それでもきっと殺せないと思いこんでいるから彼らはやらない。失敗した場合がきっと恐ろしいから。だからって私頼みで此処に来ている。
「というか…色々もらってるのに」
「勝手にあっちがくれただけでしょ。それでやるかどうかなんて私が決める事よ。一回で学習して、さっさと森に来るのやめればいいのに」
そう口にしながらも、私はため息を吐いた。何だか最近ため息ばかりついてる気がする。めんどくさいわ、本当に。
****************
それからしばらくが経った。一つの国が潰れた。王国の力によってらしい。多分、アキヒサが国王に利用されている事に気付かずにやったんだと思う。

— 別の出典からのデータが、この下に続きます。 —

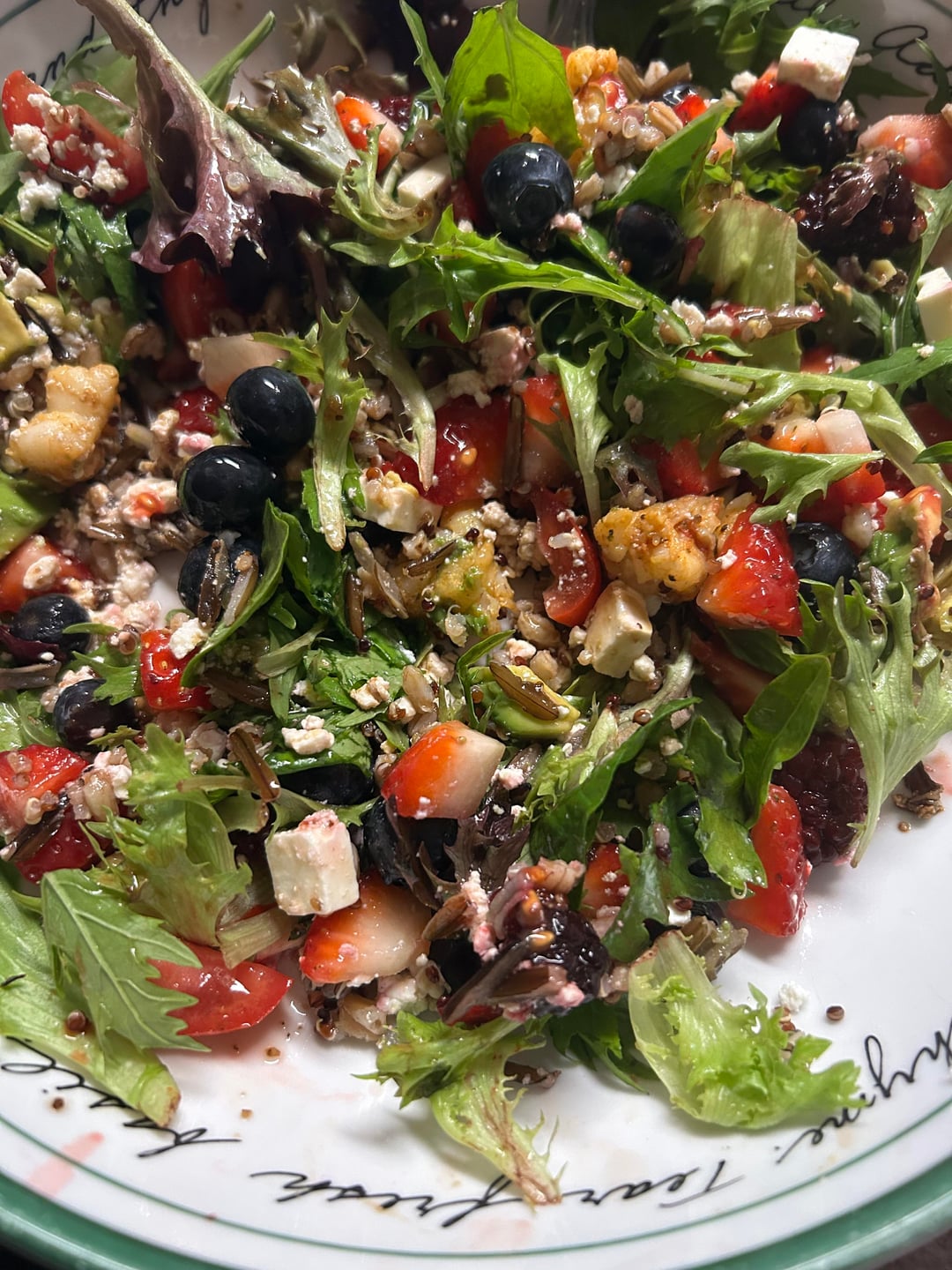 This is a salad that I have been making for several years, and I will keep making it until the day I die… or I cannot find lettuce and berries 😊. It is usually my go-to summer salad, but, in the dead of winter, I found some nice strawberries and blueberries, so I made it for dinner tonight.

何せ、私が敵であるはずがないと思うぐらいに甘いのだから。私の人間と関わるなら会いに来るなといったのに来るぐらいなのだから。それぐらい甘い。優しいともとる人もいるかもしれないけれど、甘さは人を駄目にするだけだ。
実際、国王はきっと駄目になってきている。
賢者様、賢者様と祈る連中も、貢物らしきものをやたらと送ってくる連中もめんどくさい。鬱陶しい。邪魔。
「………鬱陶しい」
苛々する。関わりたくないのに。これは誰のせい? こんな風に人間達が私に通い詰めるのは、脅してもそれでも通い詰めるのは――――、
「うん。アキヒサのせいね」
そう呟いた私は、きっと恐ろしい笑顔だったんだと思う。
すぐ近くで魔術書と向かい合っていたフランツが、恐ろしいものを見る目で私を一瞬見たから。
「決めたわ」
「え……?」
読んでいた本をばたんっと閉じて立ち上がった私を、フランツは驚いたように見ている。
真意がわからないとでも言う風に私を見るフランツ。私は声をあげる。
「フランツ、精霊達。私は少しでかけるわ」
「え、っと。ようやく、助ける気に?」
「いいえ。助けたいからやるんじゃないわ。外の連中はうざすぎたら一掃するわ。私はこの原因になったアキヒサにむかついてるから、シメにいくの。場合によっては殺すわ」
そのまま私は、出入り口の方まで歩いていく。そして、私の言葉に固まっているフランツとはしゃぐ精霊達に向かって声をかける。
「フランツ、あなたも来る? いい勉強になるわよ、きっと。それと、精霊達はお留守番しなさい。此処で、帰りを待ってなさい」
いつも通りの真っ黒なシンプルな服装で、私はそのままフランツ達に背を向けて扉をあける。
「みたいなら、ついてきなさい」
その言葉に、フランツが慌てたように動きだすのがわかった。
そして、私は外に出た。
――――森の賢者は、鬱陶しがる。